И я понял, что совершил ошибку. Я подсел не к студентке, а к преподавательнице, принимающей экзамен.
И я начал отвечать. Что-то говорил. Она меня поправляла. Потом спрашивала, иногда я отвечал по делу, иногда нет.
Ребятам, которые подсматривали из-за двери, как у нас было заведено, я показывал пальцем, на какую оценку тяну. Я показывал три.
Тройка лишала стипендии, но я не боялся, потому что был демобилизованным, а демобилизованным платили стипендию независимо от оценок.

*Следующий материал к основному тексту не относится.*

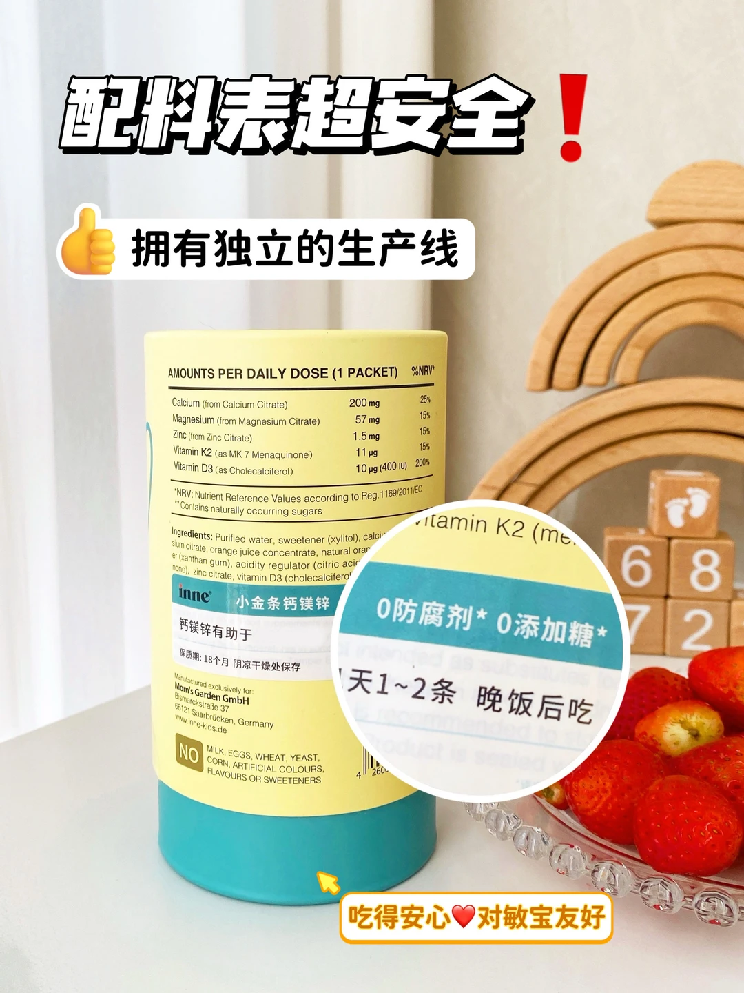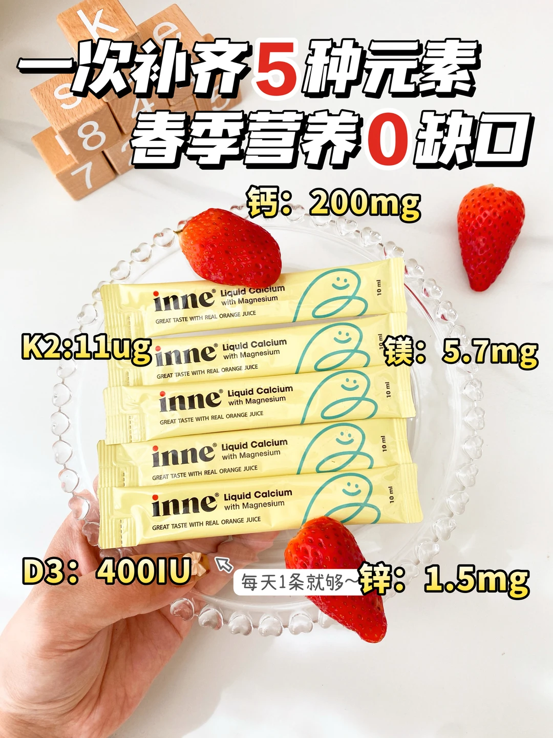 我家一直在补的是inne钙镁锌,它的营养也很丰富,有5重营养,钙镁锌协同营养是春季拔节刚需,也配足了400单位的维生素D3,稳稳的很放心!而且我比较看重inne的安全性,配料表干干净净的,而且是独立生产线不用担心夹杂过敏原,对敏宝也很友好。
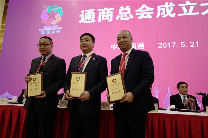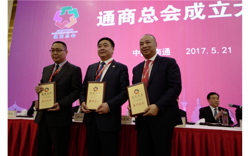 2017年5月21日下午,通商總會(huì)第一次會(huì)員代表大會(huì)隆重召開。會(huì)議通過了通商總會(huì)章程,選舉產(chǎn)生了通商總會(huì)執(zhí)行會(huì)長、副會(huì)長和理事。安惠公司董事長陳惠與其他兩人當(dāng)選為執(zhí)行會(huì)長,南通市委副書記、市政府市長韓立明為他們授牌。

Преподавательница задала еще вопросы. Потом сказала:
— На четверку вы натянули. С трудом, но натянули. По законам Московского университета, если студент отвечает без подготовки, балл завышается на одну единицу. Я вам ставлю отлично.
И поставила в зачетку пять, а когда я встал, улыбнулась:
— А за «красивую девушку» спасибо.
396. Что такое марксизм
Отношение к партийным дисциплинам было особое.
Однажды на четвертом курсе на амвон забрался карикатурного вида старец и тонким голосом начал лекцию с вопроса:
— Что такое марксизм?
И дав нам подумать добрые три минуты, смешно разводя руками, ответил:
— Это система взглядов… Карла Маркса.
Аудитория рассмеялась, а кто-то громко сказал:
— Райкин.
Дальше — больше. Он перешел к теории агностицизма и снова спросил:
— Сколько у курицы ног?
С арифметикой у нас было все в порядке, и мы дружно ответили:
— Две.
— Нет, — взорвался старичок. — У нее есть еще и «нога вообще».
— Тогда это петух, — громко предположил кто-то. Аудитория захохотала.
А старикан продолжал. И когда он предложил разобраться с тем, «что есть между ногами курицы», моя соседка Лариса Слесарева на всю аудиторию закричала:
— Нахал!
Когда раздался звонок, я во всеуслышание объявил:
— Антракт!
397. Особый марксист
Но были и другие преподаватели.
После того как мы окончательно запутали даму, которая вела у нас занятия по диамату, на следующее занятие пришел человек по фамилии Фурманов. О себе он говорить не любил, в его биографии отсутствовало место работы с 1938 по 1955 год.
Он вошел в аудиторию и заявил:
— Я материалист. И вы не сможете переубедить меня.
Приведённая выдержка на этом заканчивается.